• **Source records**:
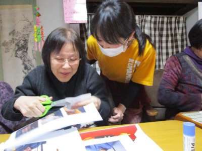写真を見ながらお隣同士で
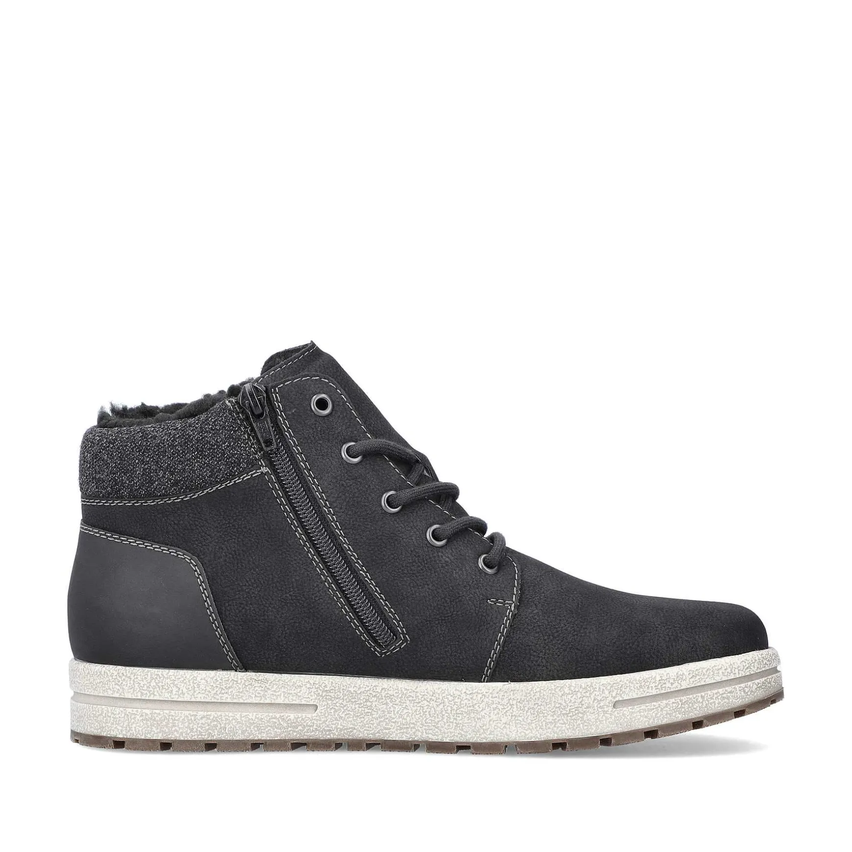 Black Beauty! Rieker Proves Once Again That You Can Combine Comfort With A Fashionable Look With These Asphalt Black Rieker Lace-Up Shoes For Men. The Lacing Is Complemented By A Zipper, Guaranteeing Optimal Hold And A Perfect Fit. The Contrasting White Seams Give The Shoe That Certain Something. The Robust Profile Sole Impresses Across The Board And The Extra Soft Insole Is Another Plus. Thanks To The Comfort Width G 1/2, There Is Enough Space In The Forefoot Area. In Cold, Wet Weather, Your Feet Stay Dry Thanks To The Water-Repellent Surface, While The Warm Lining Ensures The Best Protection From The Cold. Let’S Rock The Cold Days!
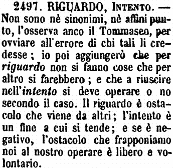 | Riguardo, Intento - Non sono nè sinonimi, nè affini punto, l'osserva anco il Tommaseo, per ovviare all'errore di chi tali li credesse; io poi aggiungerò che per riguardo non si fanno cose che per altro si farebbero; e che a riuscire nell'intento si deve operare o no secondo il caso. Il riguardo è ostacolo che viene da altri; l'intento è un fine a cui si tende; e se è negativo, l'ostacolo che frapponiamo noi al nostro operare è libero e volontario. [immagine] |
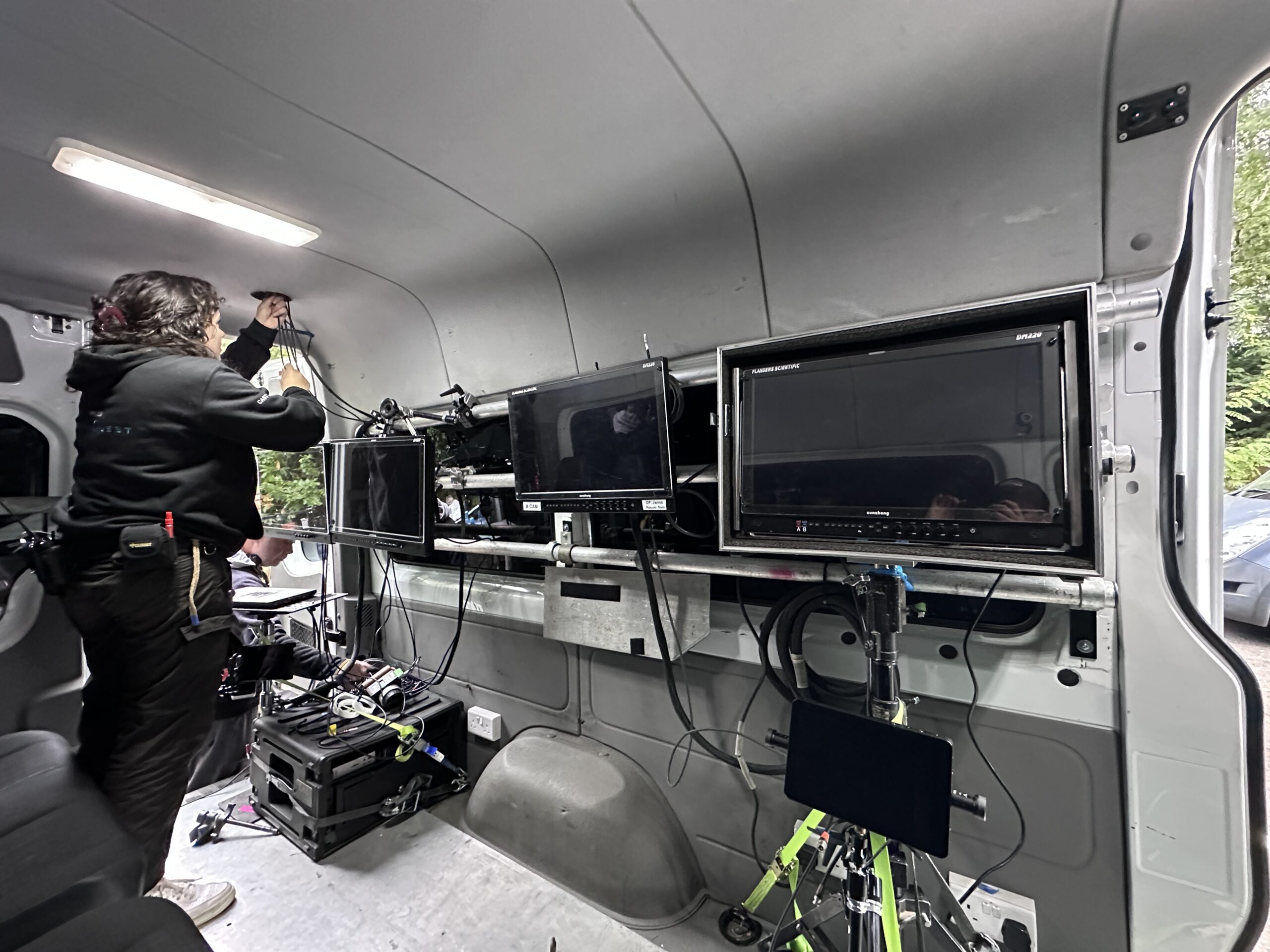 The Video Pursuit Vehicle has been designed to allow the video playback monitoring department to become mobile. This means that not only does this remove the need to set up and strike the video village numerous times throughout the shoot day, it also allows the video village to move instantly, and if required to track along with the action.The custom roof rack and port holes allows the easy rigging of aerials and cables onto the top of the vehicle, to assist with the wireless range of equipment.This also allows wireless remote gyro-stabilized heads mounted on separate tracking vehicles to be operated from the video pursuit vehicle, whilst remaining close to the action sequence, preventing wireless link dropout.
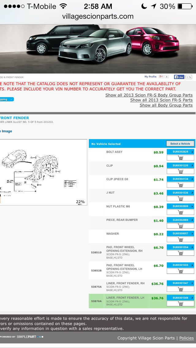 Your dealer is full of shit. Pins shouldn't be more than a dollar and the liner is $42 MSRP. check out this screenshot from village scion http://www.villagescionparts.com/sho...roduct=8464728 Attachment 87934 Sent from my iPhone using Tapatalk |
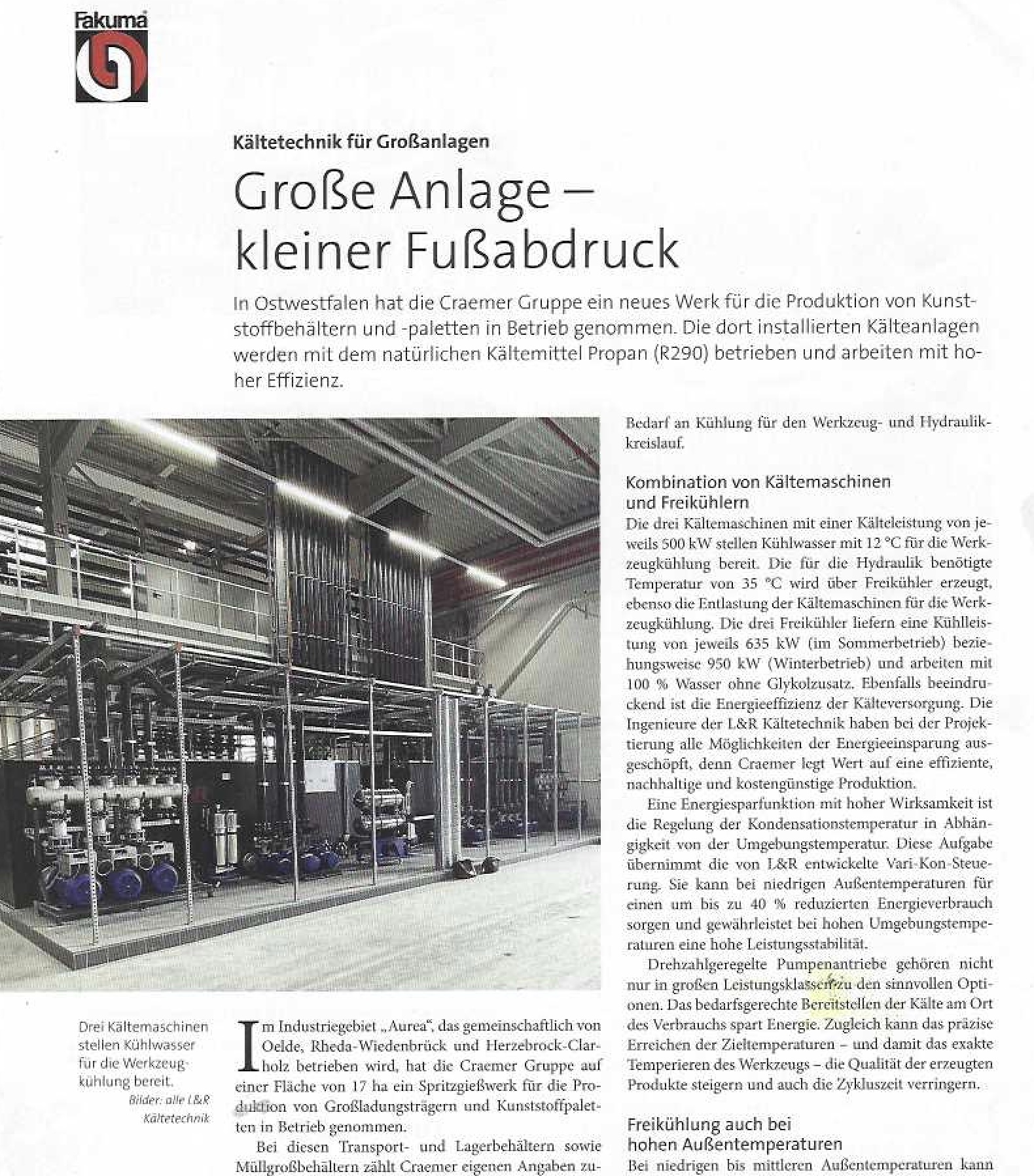 In Ostwestfalen hat die Craemer Gruppe ein neues Werk für die Produktion von Kunststoffbehältern in Betrieb genommen. Die dort installierten Kälteanlagen von L&R Kältetechnik werden mit dem natürlichen Kältemittel Propan (R290) betrieben und arbeiten hoher Effizienz. (C) den vollständigen Beitrag finden Sie im PLASTVERARBEITER, Ausgabe 10-2023.
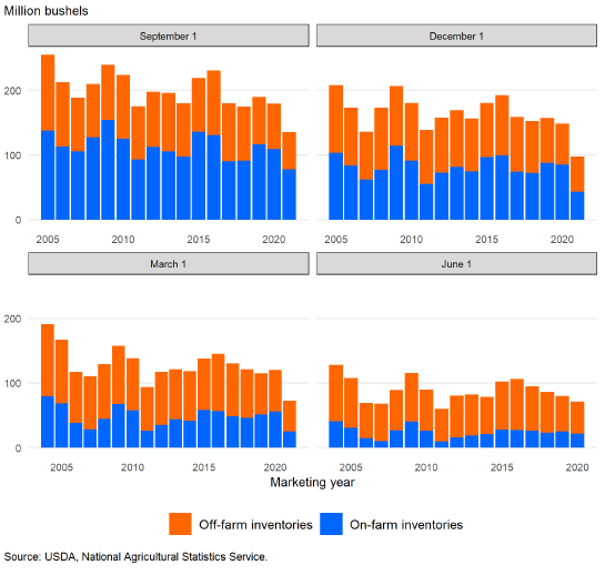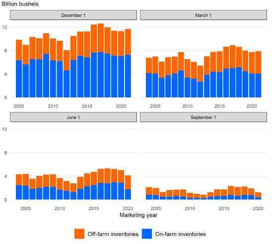 Национальная служба сельскохозяйственной статистики (NASS) опубликовала оценочные данные о запасах кукурузы на 1 марта в отчете о запасах зерна от 31 марта. Запасы кукурузы в Соединенных Штатах составили 7 850 миллионов бушелей, что немного ниже уровня предыдущего года в 7 969 миллионов бушелей. Сравнивая уровень запасов на 1 марта с показателем от 1 декабря, можно сказать, что общее потребление во втором квартале 2021/22 года было на 5 процентов выше, чем за тот же период 2020/21 года. Более высокие темпы потребления наблюдаются, несмотря на рост наличных цен в 2021/22 году, хотя текущий маркетинговый год характеризовался более высоким производством и предложением, чем в предыдущем году.
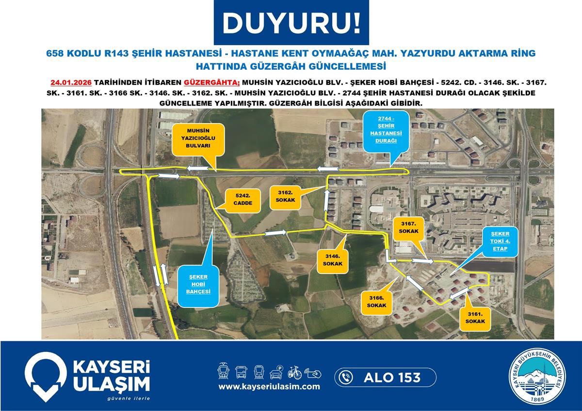 ŞEHİR HASTANESİ - HASTANE KENT OYMAAĞAÇ MAH. YAZYURDU AKTARMA RİNG HATTINDA GÜZERGÂH GÜNCELLEMESİ
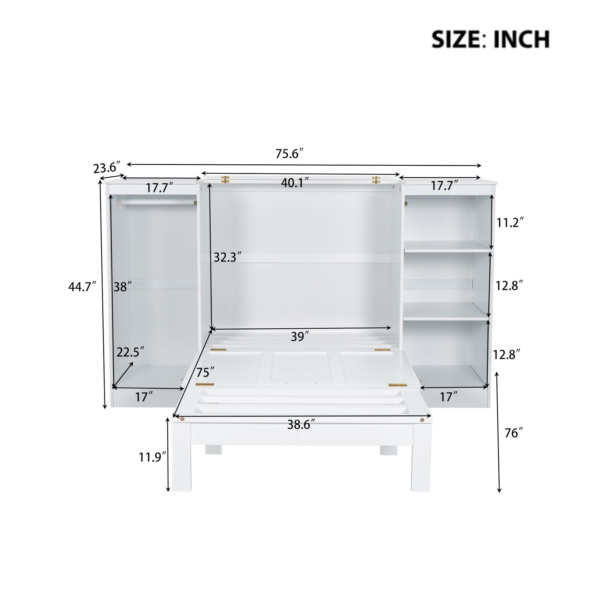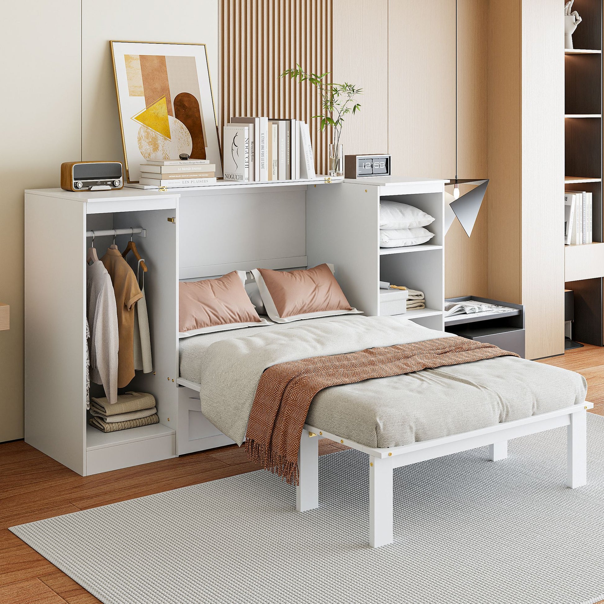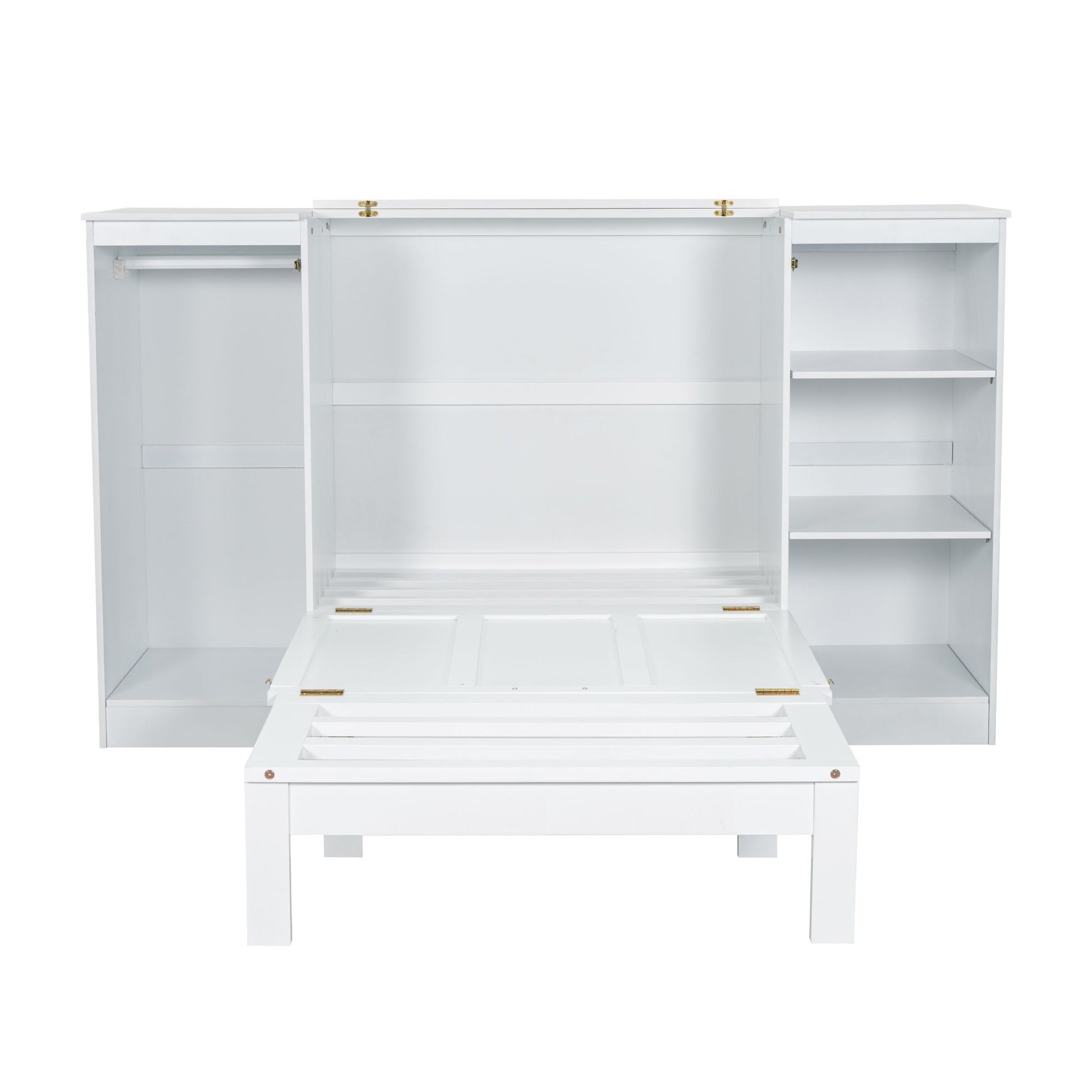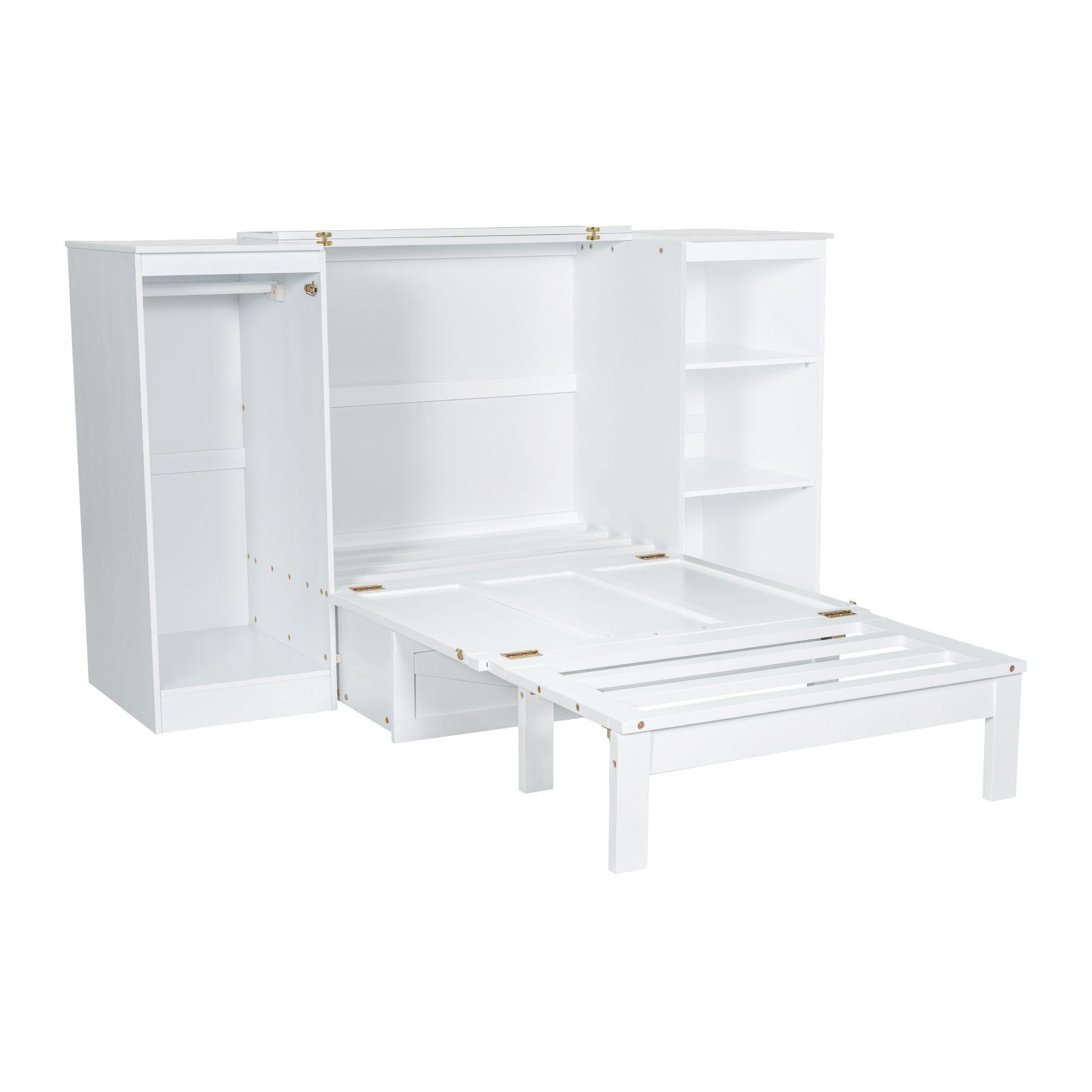 Twin Size Murphy Bed with Bedside Shelves and Wardrobe, White

• **Problem**: None of the pictures should be copied, but every record above must be returned exactly.

• **Answer for the task**:
写真を見ながらお隣同士で
 Black Beauty! Rieker Proves Once Again That You Can Combine Comfort With A Fashionable Look With These Asphalt Black Rieker Lace-Up Shoes For Men. The Lacing Is Complemented By A Zipper, Guaranteeing Optimal Hold And A Perfect Fit. The Contrasting White Seams Give The Shoe That Certain Something. The Robust Profile Sole Impresses Across The Board And The Extra Soft Insole Is Another Plus. Thanks To The Comfort Width G 1/2, There Is Enough Space In The Forefoot Area. In Cold, Wet Weather, Your Feet Stay Dry Thanks To The Water-Repellent Surface, While The Warm Lining Ensures The Best Protection From The Cold. Let’S Rock The Cold Days!
 | Riguardo, Intento - Non sono nè sinonimi, nè affini punto, l'osserva anco il Tommaseo, per ovviare all'errore di chi tali li credesse; io poi aggiungerò che per riguardo non si fanno cose che per altro si farebbero; e che a riuscire nell'intento si deve operare o no secondo il caso. Il riguardo è ostacolo che viene da altri; l'intento è un fine a cui si tende; e se è negativo, l'ostacolo che frapponiamo noi al nostro operare è libero e volontario. [immagine] |
 The Video Pursuit Vehicle has been designed to allow the video playback monitoring department to become mobile. This means that not only does this remove the need to set up and strike the video village numerous times throughout the shoot day, it also allows the video village to move instantly, and if required to track along with the action.The custom roof rack and port holes allows the easy rigging of aerials and cables onto the top of the vehicle, to assist with the wireless range of equipment.This also allows wireless remote gyro-stabilized heads mounted on separate tracking vehicles to be operated from the video pursuit vehicle, whilst remaining close to the action sequence, preventing wireless link dropout.
 Your dealer is full of shit. Pins shouldn't be more than a dollar and the liner is $42 MSRP. check out this screenshot from village scion http://www.villagescionparts.com/sho...roduct=8464728 Attachment 87934 Sent from my iPhone using Tapatalk |
 In Ostwestfalen hat die Craemer Gruppe ein neues Werk für die Produktion von Kunststoffbehältern in Betrieb genommen. Die dort installierten Kälteanlagen von L&R Kältetechnik werden mit dem natürlichen Kältemittel Propan (R290) betrieben und arbeiten hoher Effizienz. (C) den vollständigen Beitrag finden Sie im PLASTVERARBEITER, Ausgabe 10-2023.
 Национальная служба сельскохозяйственной статистики (NASS) опубликовала оценочные данные о запасах кукурузы на 1 марта в отчете о запасах зерна от 31 марта. Запасы кукурузы в Соединенных Штатах составили 7 850 миллионов бушелей, что немного ниже уровня предыдущего года в 7 969 миллионов бушелей. Сравнивая уровень запасов на 1 марта с показателем от 1 декабря, можно сказать, что общее потребление во втором квартале 2021/22 года было на 5 процентов выше, чем за тот же период 2020/21 года. Более высокие темпы потребления наблюдаются, несмотря на рост наличных цен в 2021/22 году, хотя текущий маркетинговый год характеризовался более высоким производством и предложением, чем в предыдущем году.
 ŞEHİR HASTANESİ - HASTANE KENT OYMAAĞAÇ MAH. YAZYURDU AKTARMA RİNG HATTINDA GÜZERGÂH GÜNCELLEMESİ
 Twin Size Murphy Bed with Bedside Shelves and Wardrobe, White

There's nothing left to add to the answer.